A votação aconteceu no quinto dia de um conflito que resultou na morte do líder supremo iraniano, o aiatolá Ali Khamenei, e de diversas autoridades de alto escalão em Teerã, além de soldados americanos.

A resolução bipartidária, proposta pelo democrata Tim Kaine e pelo republicano Rand Paul, pedia a retirada das tropas americanas da operação contra o Irã, a não ser que o Congresso aprovasse a campanha.

A resolução visava reforçar a autoridade do Congresso diante de um presidente que, desde seu retorno à Casa Branca em janeiro de 2025, expandiu o domínio do Poder Executivo sobre o Legislativo.

Na mais recente tentativa de democratas e alguns republicanos de conter as constantes mobilizações de tropas norte-americanas no exterior pelo presidente Donald Trump, os apoiadores caracterizaram a resolução sobre os poderes de guerra como um esforço para reaver a responsabilidade do Congresso de declarar guerra, conforme estipulado na Constituição dos Estados Unidos.

Os adversários contestaram essa afirmação, afirmando que a ação de Trump era legal e que ele tinha o direito, como comandante-chefe, de proteger os Estados Unidos por meio de ataques limitados.

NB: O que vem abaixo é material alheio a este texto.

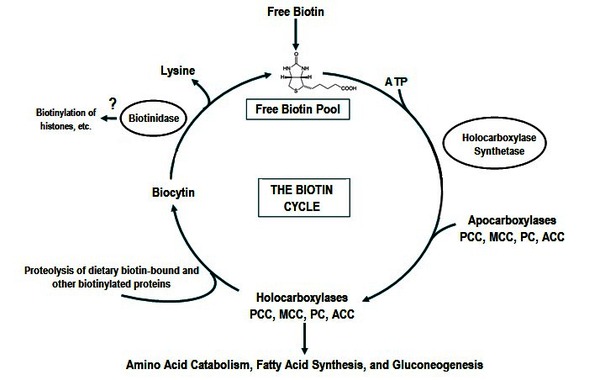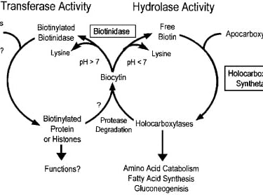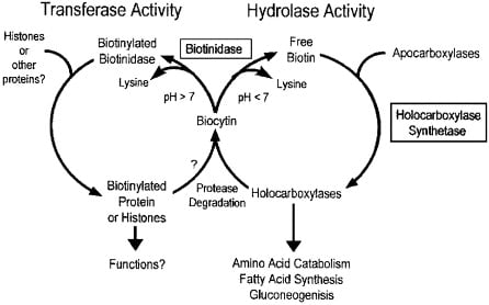 Biyotin, vücutta beş kritik karboksilaz enziminin kofaktörüdür. Bu enzimler, bikarbonattan alınan karbondioksiti organik moleküllere bağlayarak metabolik yolların devamlılığını sağlar: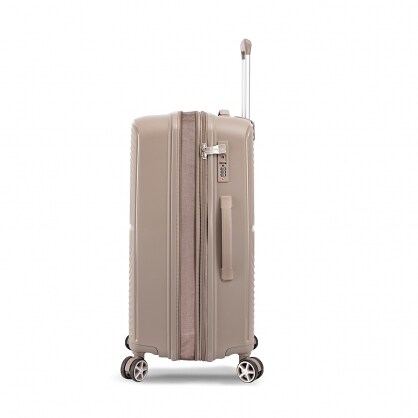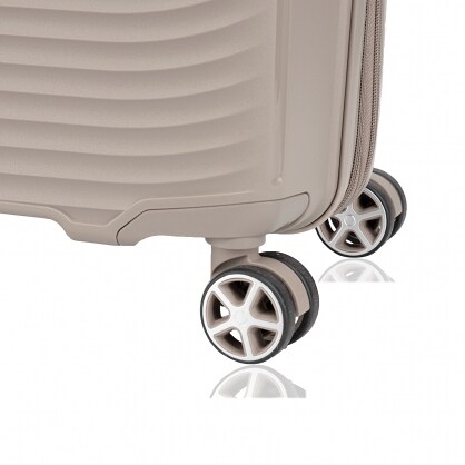 Четыре сдвоенных полиуретановых колеса вращаются на 360°, что позволяет без усилий катить чемодан в любом направлении.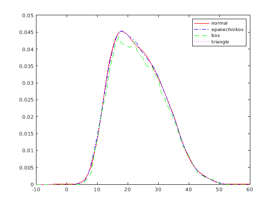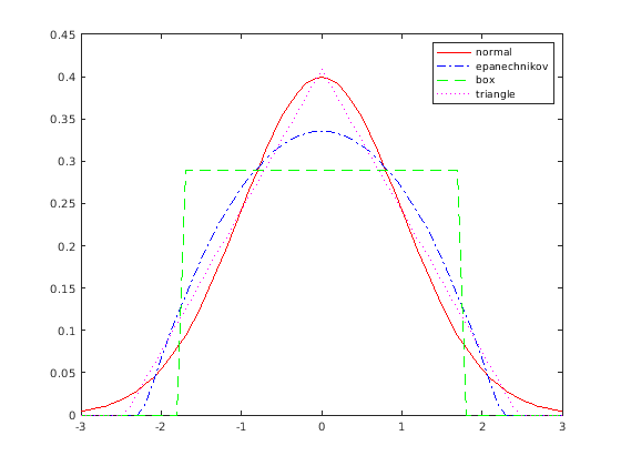 hname = {'normal' 'epanechnikov' 'box' 'triangle'};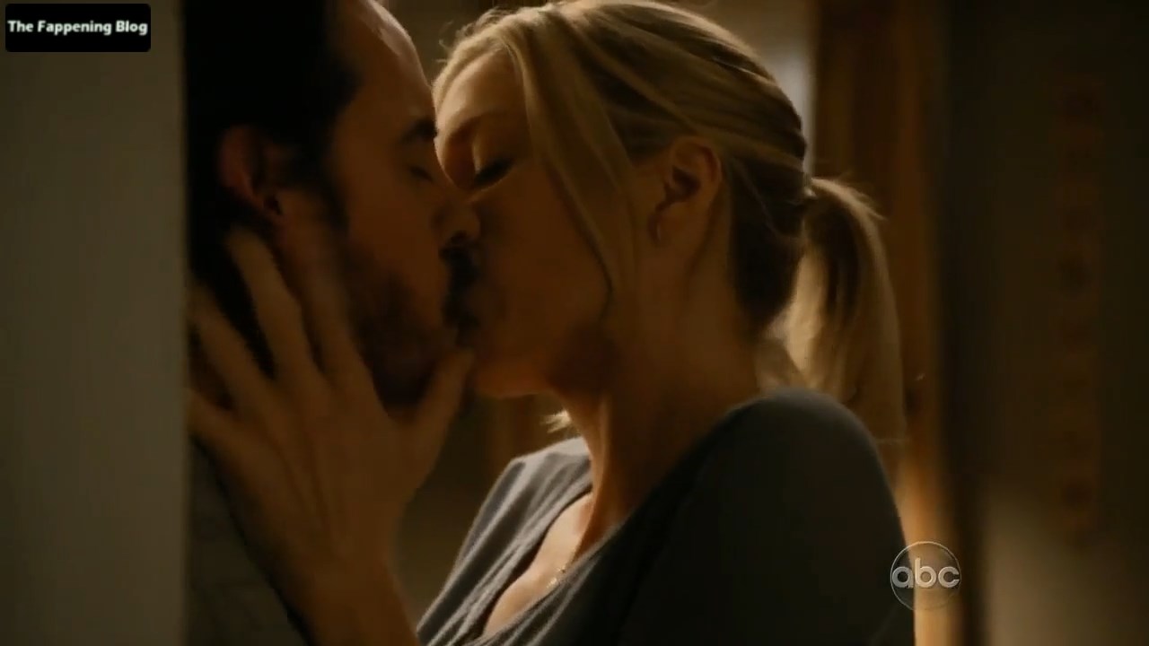 Элизабет Митчелл целуется с парнем и стягивает с него рубашку, прежде чем он делает то же с ней, открывая красивое декольте Элизабет в её бюстгальтере.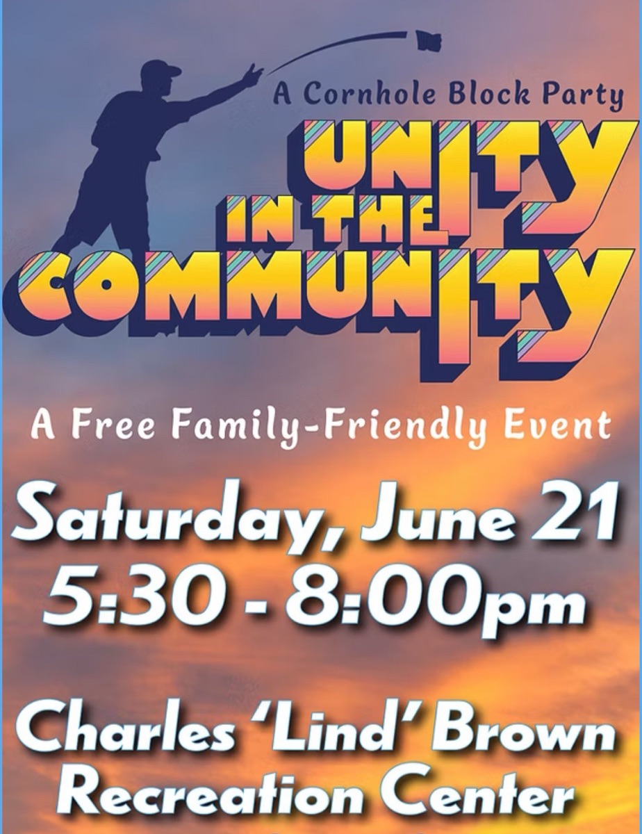 🎯 June 21: Unity in the Community Block Party | 5:30 PM – 8:00 PM 📍Charles Lind Brown Rec Center. Family-friendly cornhole block party with music, games, and neighborhood fun. Free and open to all.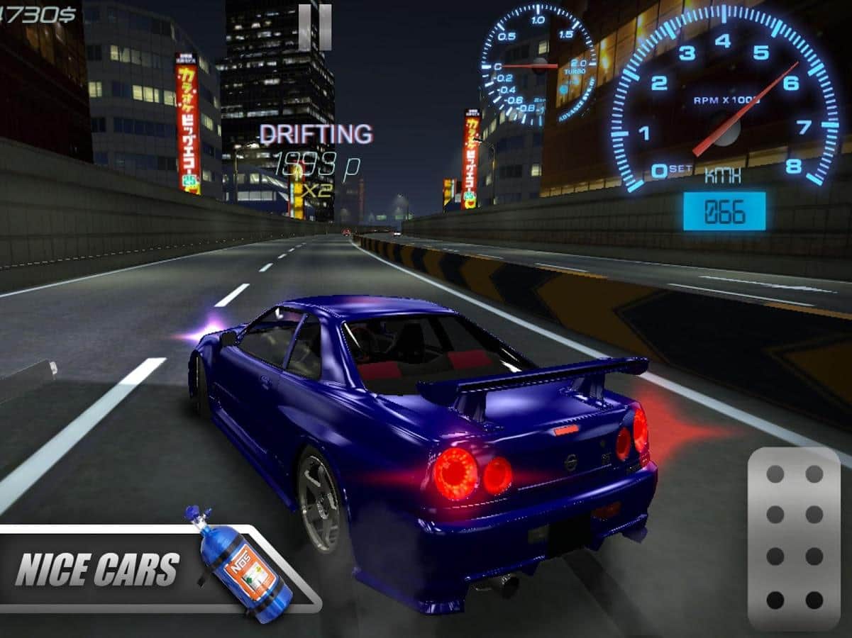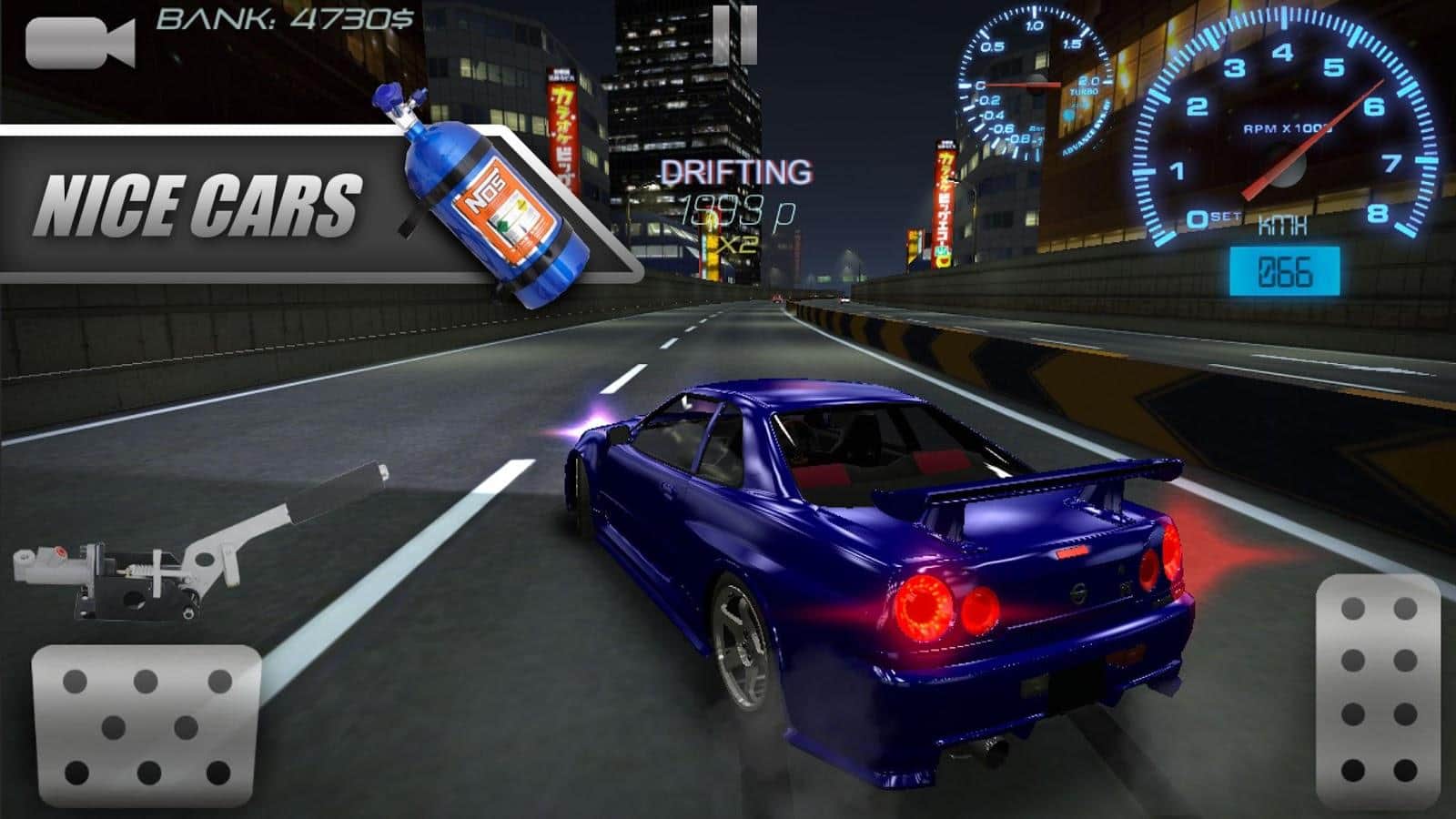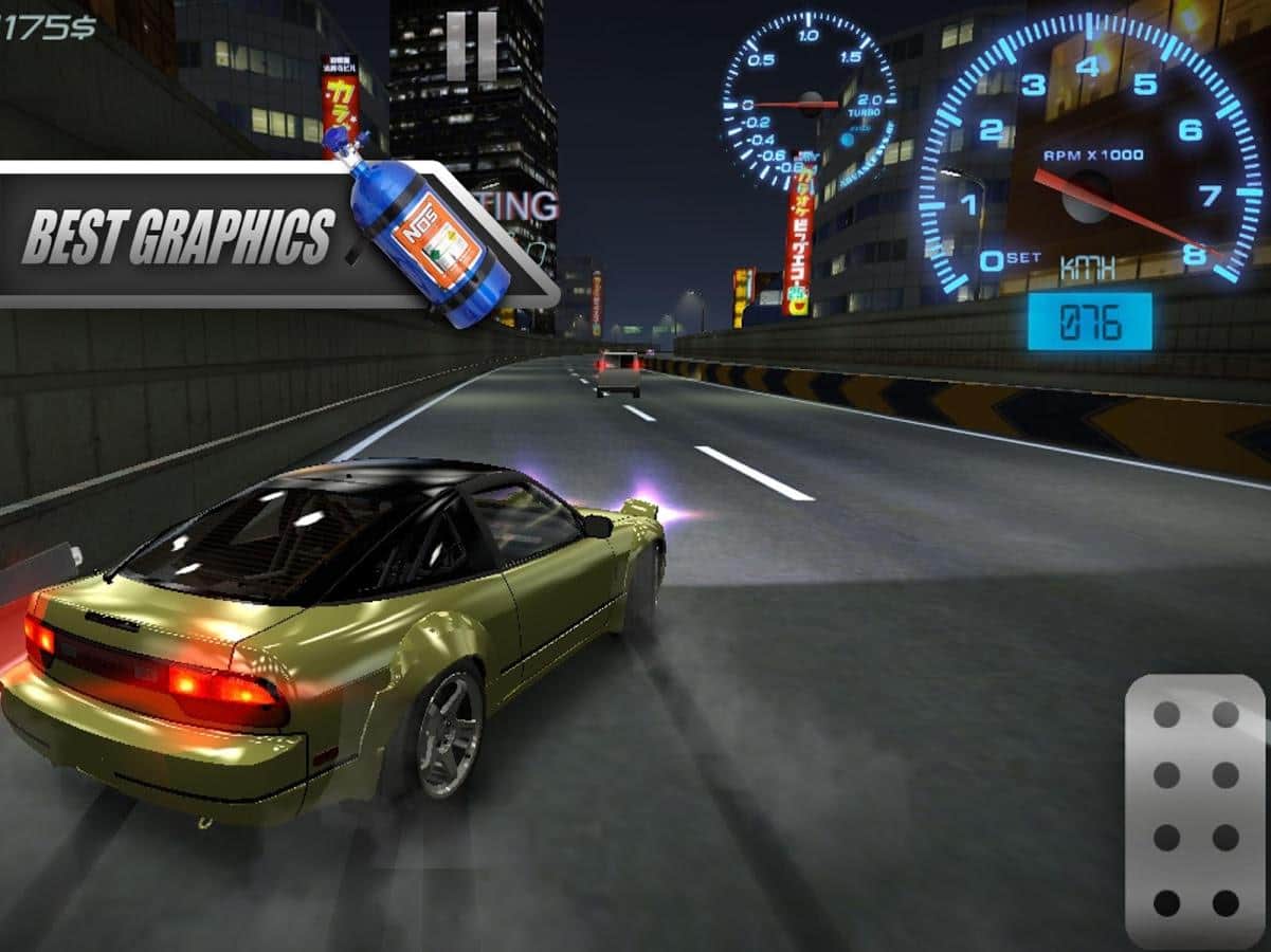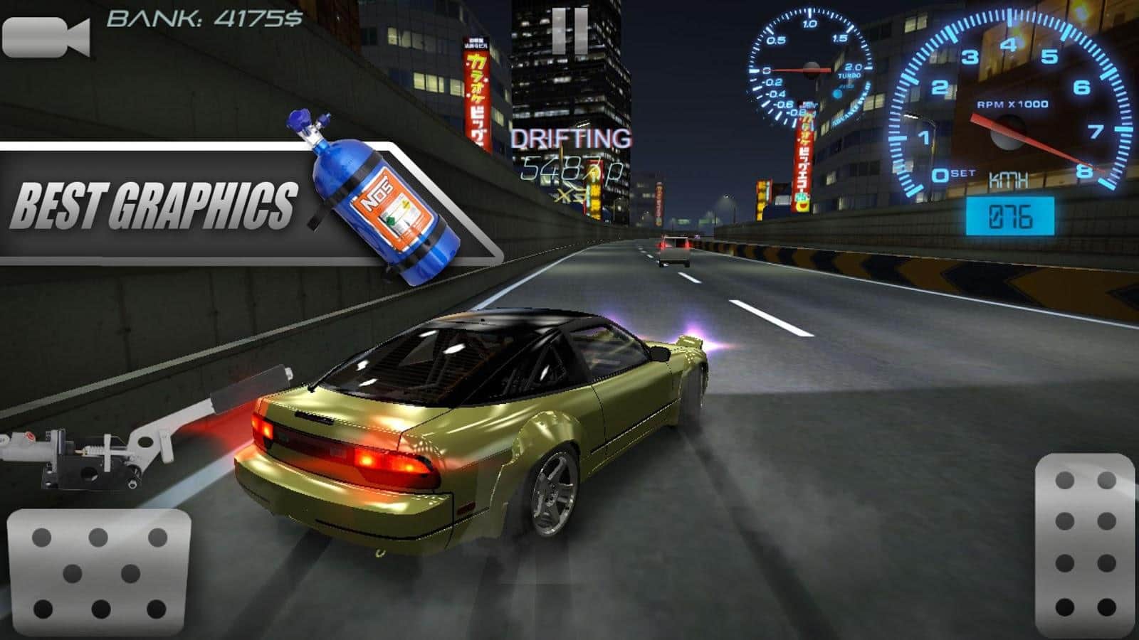 Drift Streets Japan - Любителі дріфту приєднуйтесь до захоплюючим гонок по нічному місту Японії. Дана гра зроблена дуже просто, але при цьому не тільки має приємну графіку але так само і просту систему управління, за допомогою пари педалей ви зможете їхати або ж гальмувати, а з допомогою нахилу смартфона можна буде повертати. До того ж тут дуже детально опрацьована фізика, так що ганяти буде вельми цікаво.

"Esta não é uma guerra para sempre, na verdade nem mesmo perto disso. Isso vai acabar muito rapidamente", afirmou o senador republicano Jim Risch, presidente do Comitê de Relações Exteriores do Senado, durante um discurso contra a resolução.

Não se previa a aprovação da medida. Os colegas republicanos de Trump possuem uma leve maioria no Senado e na Câmara dos Deputados, tendo barrado resoluções anteriores que visavam limitar seus poderes de guerra.